Did going to boarding school help me to run a marathon?


This Sunday was Brighton Marathon. The sun shone and the city came alive as residents came out to support and cheer on the runners. As a young child, I used to watch the London marathon on TV, in awe of these people, dressed up in all sorts of outfits who managed to run 26 miles.


Fast forward 30 years and I found myself turning to running as a way of managing my own emotional difficulties. 5km quickly became 10km, and I found myself signing up for the Brighton Marathon. I discovered the character trait of endurance that I learned from boarding school really came into its own with marathon training. Come rain or shine, I would be out there pushing myself over the South Downs clocking up my miles. Two weeks before marathon day, after a 20-mile run, my calf muscle tore and I had to hobble home....

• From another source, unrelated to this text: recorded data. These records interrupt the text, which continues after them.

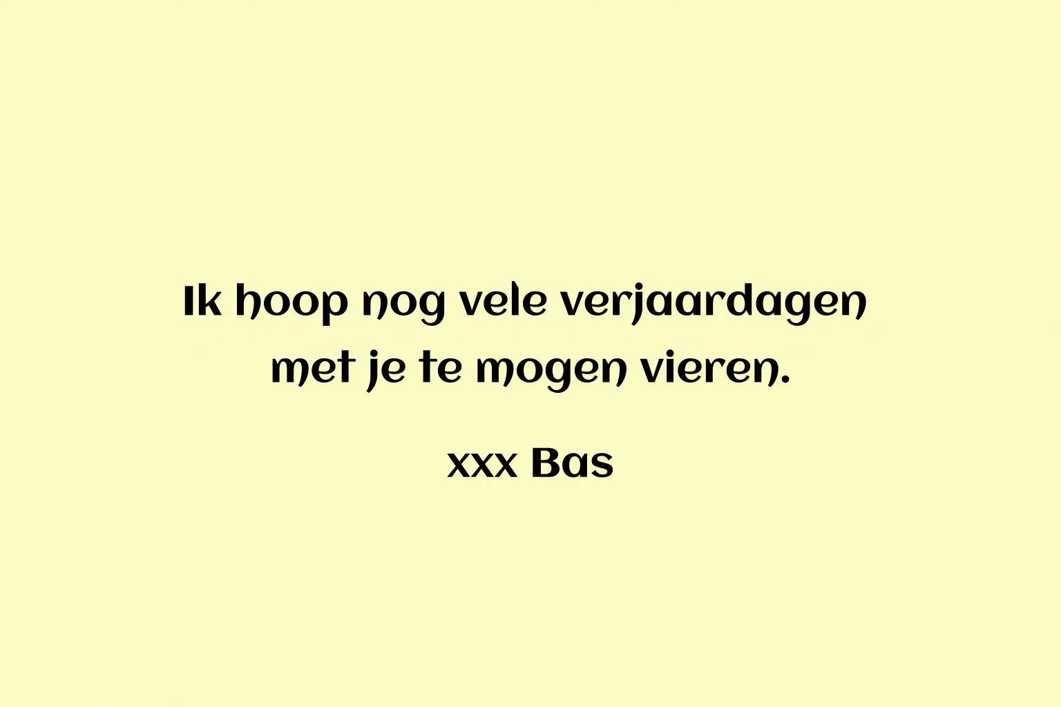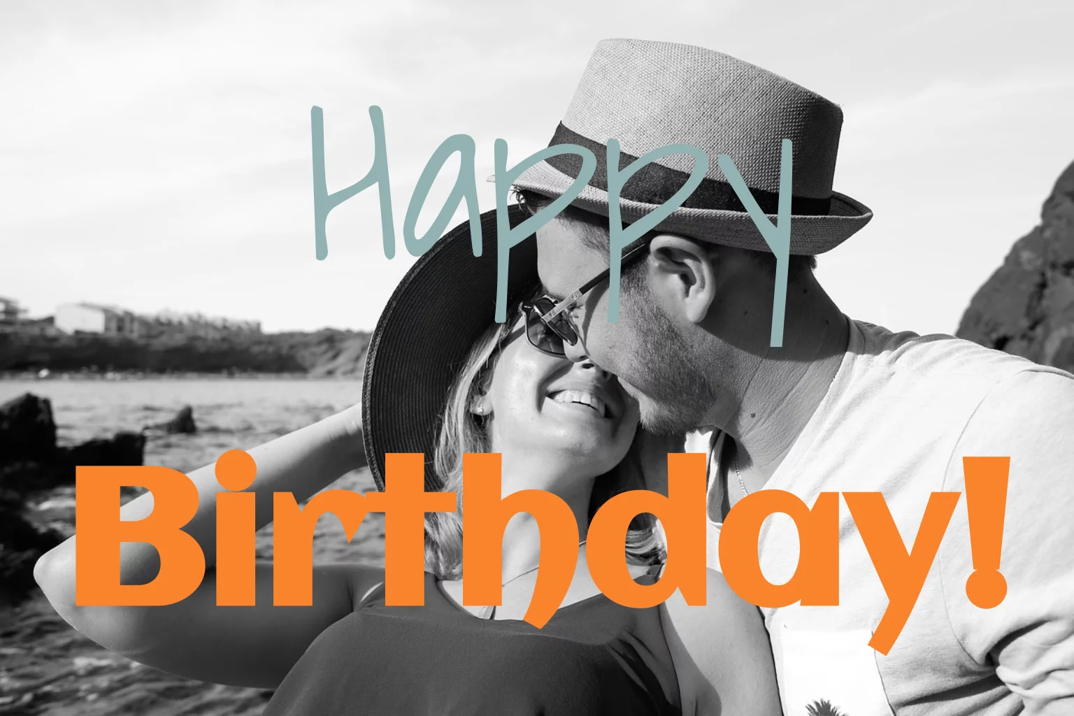 felicitatiekaart Verjaardag met foto met tekts Happy Birthday. De teksten en kleuren kunnen naar wens aangepast worden.
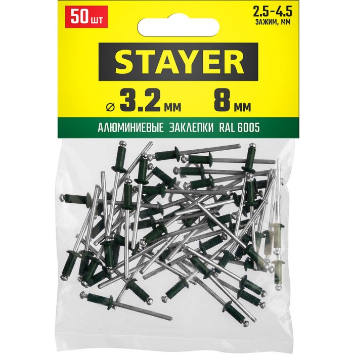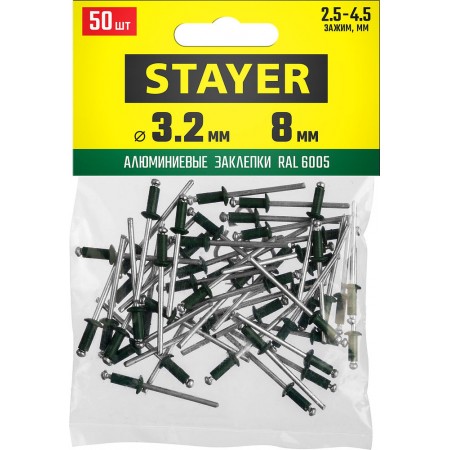 Заклепки алюминиевые Color-FIX, 3.2 х 8 мм, зеленый насыщенный, 50 шт STAYER Professional 3125-32-6005
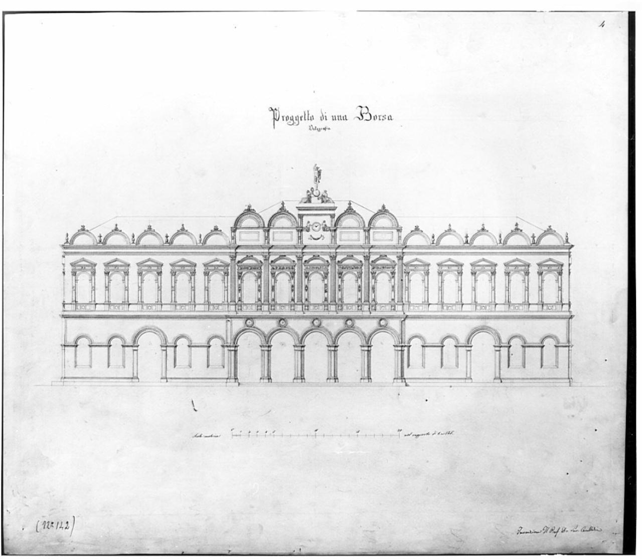 Progetto per Borsa a china su fondo chiaro. Prospetto di edificio a due piani con portico centrale inferiore, fiancheggiato da due aperture laterali e otto finestre quadrangolari. Il piano superiore presenta 15 finestre con balaustrino e modanature. Le cinque centrali hanno timpano curvo, le laterali triangolare. In alto: sul cornicione serie di archi intervallati da lanterne. Al centro, fiancheggiato da archi sopraelevati, orologio e statua di Marte.
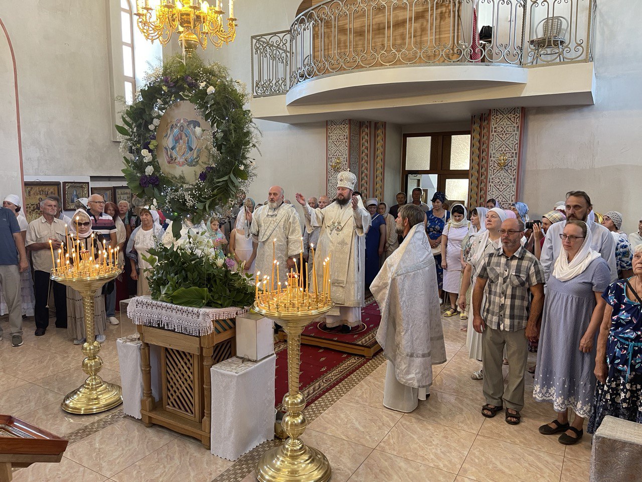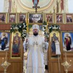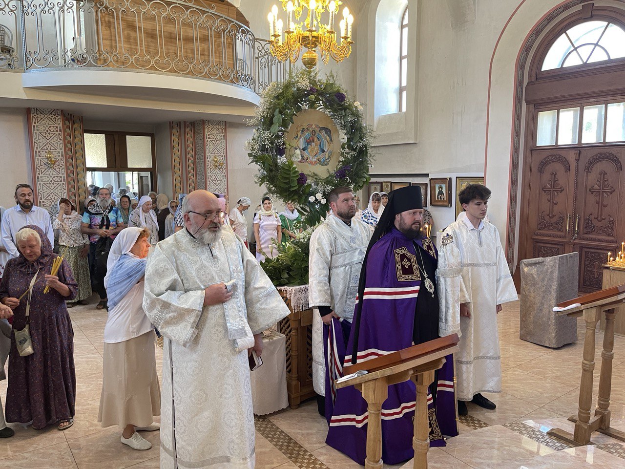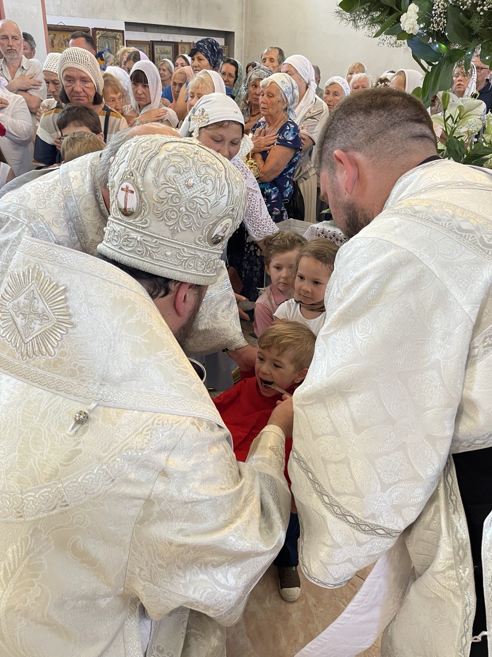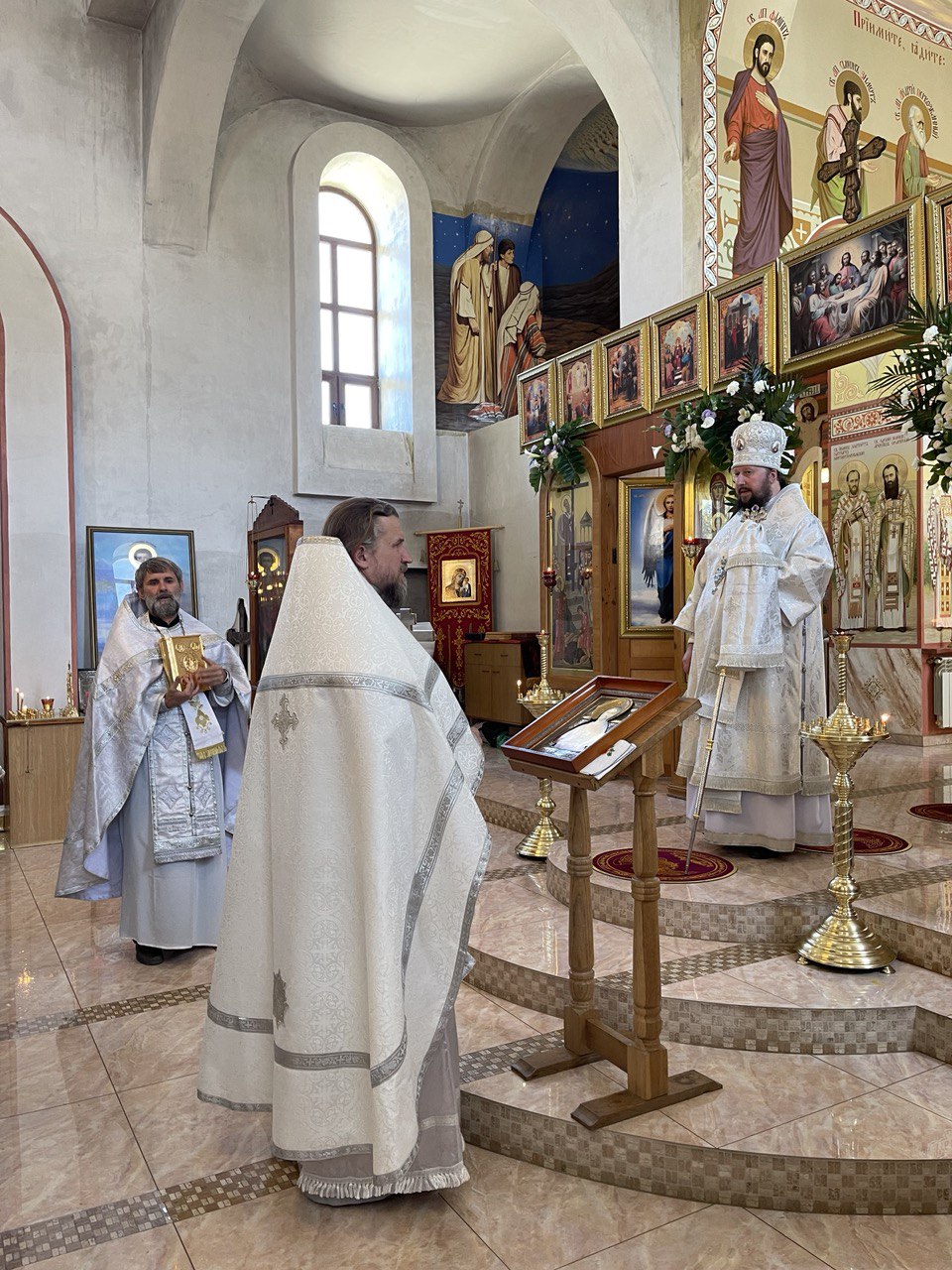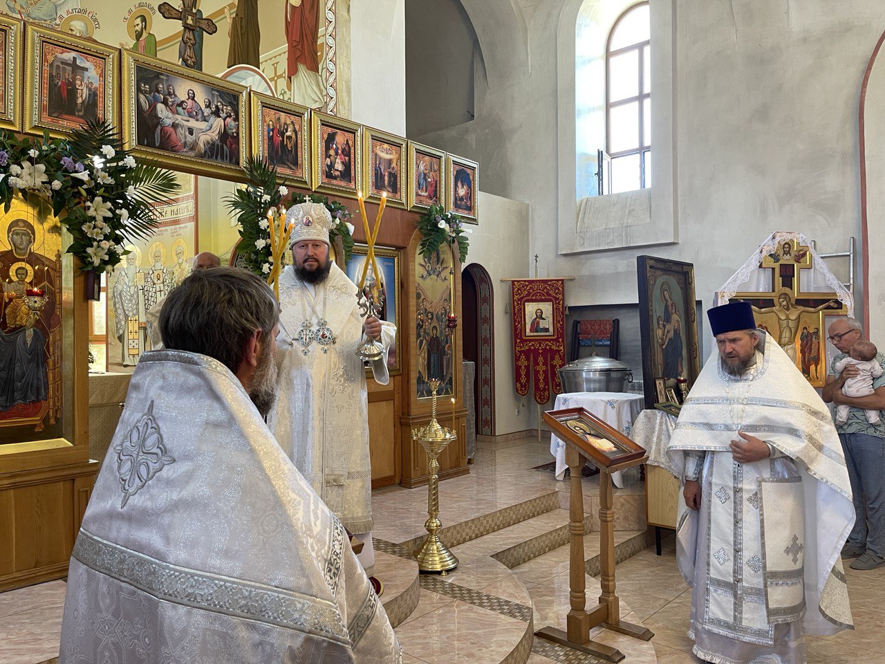 Владыка Агафон передал священнослужителям, прихожанам и гостям храма поздравление с престольным праздником от Высокопреосвященнейшего митрополита Феодосийского и Керченского Платона и обратился с проповедью о Вознесении Господа.

I kept my hope up until the day before the race when I had to admit defeat and pull out of the marathon. I was devastated. The hardest part was that I had to stop running. For months. Running had enabled me to literally run away from my problems so I didn't have to face the difficulties I was experiencing in my personal life. It was time to turn towards them....


3 years later a friend had entered me for the ballot for the London Marathon, neither of us believing it was likely. I got a place and decided to slowly start training, but did it differently. I had worked through the issues that I was using running to escape from and therefore my motivation was different. However, a fundamental difference was that I chose to look after myself. I didn't push myself. Every time I felt a niggle, I stopped. I stretched properly. I had sports massages. A month before the Marathon I took myself off to a yoga retreat to unwind and soothe my parasympathetic nervous system.


The day of the London Marathon came and was one of the best days of my life. As I crossed the finish line, I could not believe that my body had supported me to do so. I had also supported my body.


Ex-boarders can often find it hard to look after themselves. They may have high levels of endurance as a result of being abandoned at a young age and having to get on with it on their own. They are trapped, they have to get their head down and endure many difficult emotional and physical situations. Ironically, many schools use running as a punishment and I have heard many tales of children as young as 7 being forced to run around their playing fields for all sorts of reasons such as talking during prep, or being caught with their sock downs.


High levels of endurance can have advantages but when paired with low levels of self-care it can be dangerous. My marathon lessons taught me that if I slowed down, nourished, and looked after myself I could cross the finish line. By abusing my body and pushing it through gruelling long runs, it broke.


Taking care of myself does not come naturally to me. At times it has felt like I simply don't know how to do it. That there is comfort in the discomfort, taking pride in appearing so tough and not needing the comfort that others appear to need.


However, by recognising that this defensive behaviour is a result of having to care for myself at such a young age at boarding school, I have started to change the ways I treat myself. A way that children may manage their difficult feelings of abandonment at school is by developing a belief that they don't need looking after. This prevents children from feeling any anger or sadness towards their parents for leaving them. "I didn't need them anyway."


If any of this resonates, try and look after yourself in the way that your child- self needed looking after when they had to fend for themselves prematurely. Remind them that they can slow down, that they are important and that they matter. I hope you can start to find ways to turn towards yourself and take care of your mind, body, and soul.